INPUT DATA:
▬▬▬

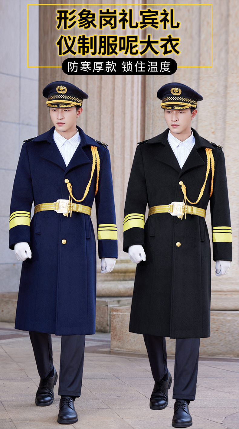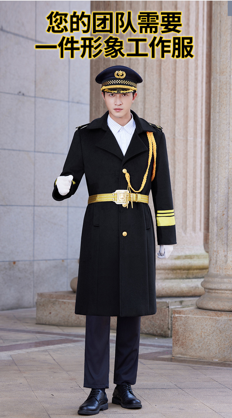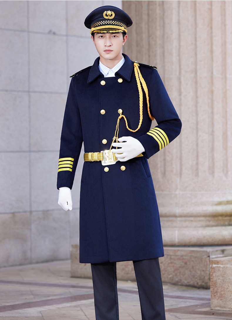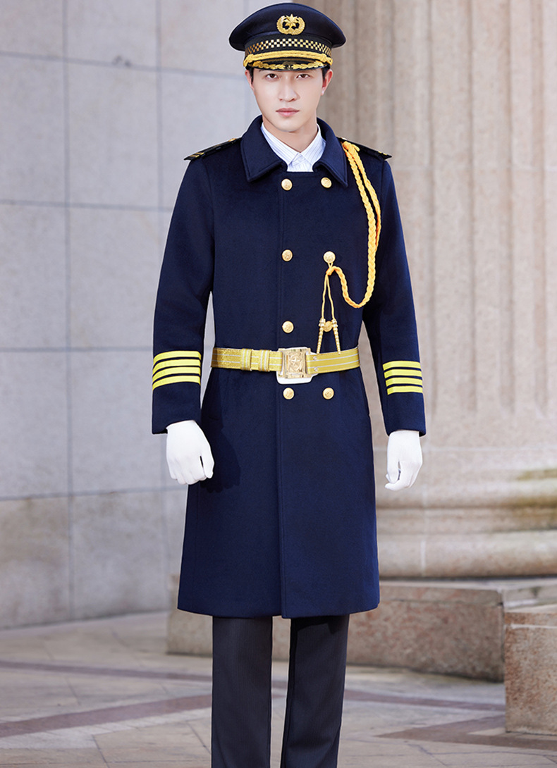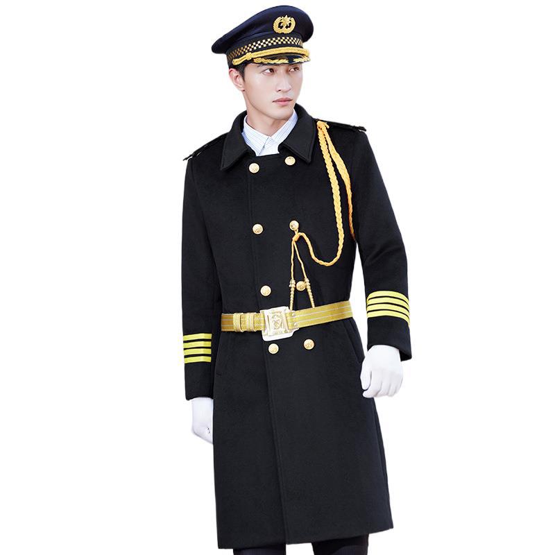 윈터 호텔 부동산 이미지 포스트 보안 작업 유니폼 재킷 코튼 두꺼운 더블 브레스트 남성용 모직 코트
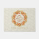 秋のカボチャのリースに囲まれた手書きのフォントで与え感謝してい、"感謝のハートと"とドアマットにあなたの家族の名前を追加離れ。背景は葉が微妙でどんぐりの模様がある。
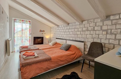 Apartment can accommodate 5 guests. Beds are situated in 2 sleeping rooms, but also in the living room, within 74m2. Guests can use a private terrace to enjoy the warm summer evenings. For full enjoyment and relaxation there is a private barbecue for this accommodation guests only. During stay, there is a private pool for relaxation and pleasure. This accommodation unit welcomes pets at no additional costs.

▬▬▬

TASK DESCRIPTION:
Each line of the listing is to be retyped exactly, and its pictures are to be dropped.

ANSWER FOR THE TASK:
 윈터 호텔 부동산 이미지 포스트 보안 작업 유니폼 재킷 코튼 두꺼운 더블 브레스트 남성용 모직 코트
 秋のカボチャのリースに囲まれた手書きのフォントで与え感謝してい、"感謝のハートと"とドアマットにあなたの家族の名前を追加離れ。背景は葉が微妙でどんぐりの模様がある。
 Apartment can accommodate 5 guests. Beds are situated in 2 sleeping rooms, but also in the living room, within 74m2. Guests can use a private terrace to enjoy the warm summer evenings. For full enjoyment and relaxation there is a private barbecue for this accommodation guests only. During stay, there is a private pool for relaxation and pleasure. This accommodation unit welcomes pets at no additional costs.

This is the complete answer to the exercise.